I'm far from an expert, but that doesn't make that much sense. If the problem is errors that accumulate during the reconstruction time, which are getting exponentially longer, then nested arrays should take care of that. I remember going over the calculations once for fairlure rate in a nsted system versus an n-parity system. I can't remember exactly what I came to, but concluded that a nested system was better. I did not take reconstruction time into consideration, however. If, as you said, the size of drives is increasing at a great rate, then it seems that the best thing to do is not use RAID 5/6 at all for the top level. The problem with a nested array is the hardware to run it. With more controllers, more things can go wrong. If you have a duplex of two nested arrays (lets say a large RAID 6 arrar of small RAID 5s with a spare RAID 5 array) wouldn't that take care of it. The chances of that many HDD dying seems very slim, but the chances of enough HDD and a controller (which may be harder to detect in advance) seems like a possibility.
We've been through
nested RAID before, and you can probably add to that thread, but the inevitable conclusion is with more nested levels, it simply becomes cost-ineffective to be using entire RAID arrays for parity data.So that's not a scalable solution (or not a cost-effective one at scale, anyway).

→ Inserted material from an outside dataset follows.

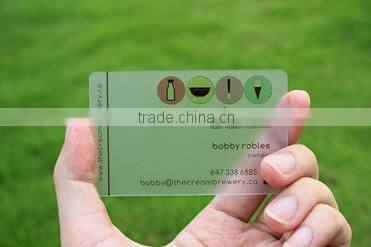 pvc transparent material,standard size 85.5*54*0.76mm,full color printing on both sides according to client's design shown.
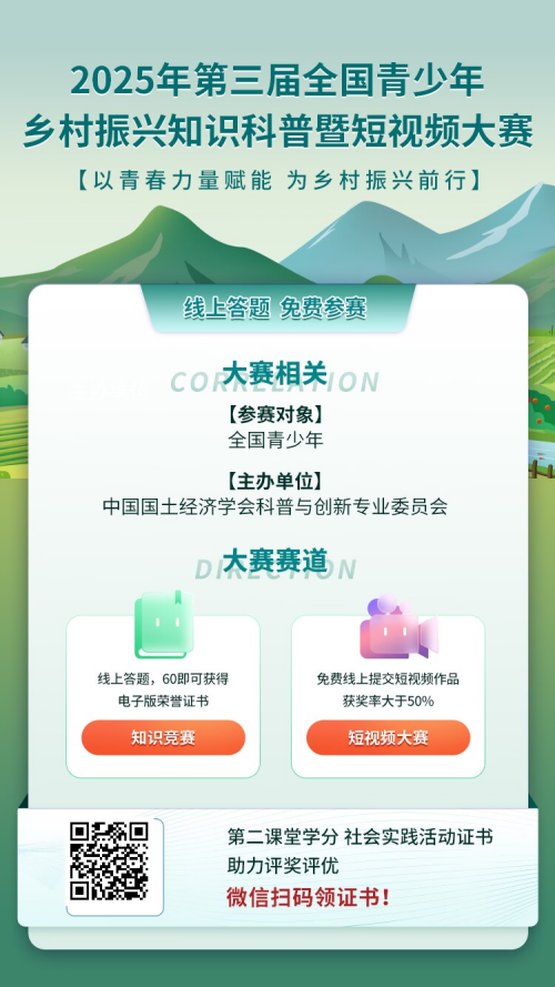 2025年第三届全国青少年乡村振兴 知识科普暨短视频大赛 助力综测评优,免费参赛领证书

As far as I can tell from the article, the 2 main issues are:
1) Throughput not increasing at the same scale as disk capacity
2) Scalable efficient n-level RAID algorithm not in existence yet
The first issue leads to longer RAID rebuild times (and not errors accumulating during rebuild)), and for sufficiently large arrays the rebuild time can stretch to days, or even weeks. The article mainly attributes this to the low throughput of the drives relative to their capacity. Many degraded RAID arrays are left to run in a degraded state while they're still being rebuilt (because for some enterprises the point of a RAID is maximum uptime); that does not leave much throughput available for RAID rebuilding.
With RAID rebuild times stretching that long, the chance of a second or even third disk failing during the rebuild period increases as well. And hence the increasing need for triple-parity RAID. Extrapolating from that, a scaleable n-level RAID algorithm (the second issue) would eliminate the need to have to write a new RAID algorithm each time an additional parity level is required.
Additionally, there are other factors affecting rebuild times, such as time required for a human operator to procure a new disk and insert it into the array, but let's ignore those for now.
So at heart, it's really a throughput problem. Low throughput (relative to disk capacity) leads to longer rebuild times, longer rebuild times lead to increased risk of additional disks failing during rebuild, higher level parity needed to offset increased risk of additional disks failing.
Or to put things in perspective, it takes ~3.5hrs to fill a 2TB hard disk at 150MB/s write speed (I assume you're all astute enough to correct me on the issues and not the numbers). In the near future, we'll have 4TB disks, but disk read/write speeds are hardly doubling; a 4TB disk will take 7 hours to fill, and so on.
But I don't find throughput issues that interesting, which is why I'm focusing on the second issue: scaleable n-level RAID algorithms, and the associated computational costs.
One thing I don't understand is why you can't just use something like par2 (a archive backup program that uses a Read-Solomon ring), but with drives. It scales very well.
par2 helps repair corrupted data, it doesn't increase drive reliability, or prevent the whole array going down when the disk fails.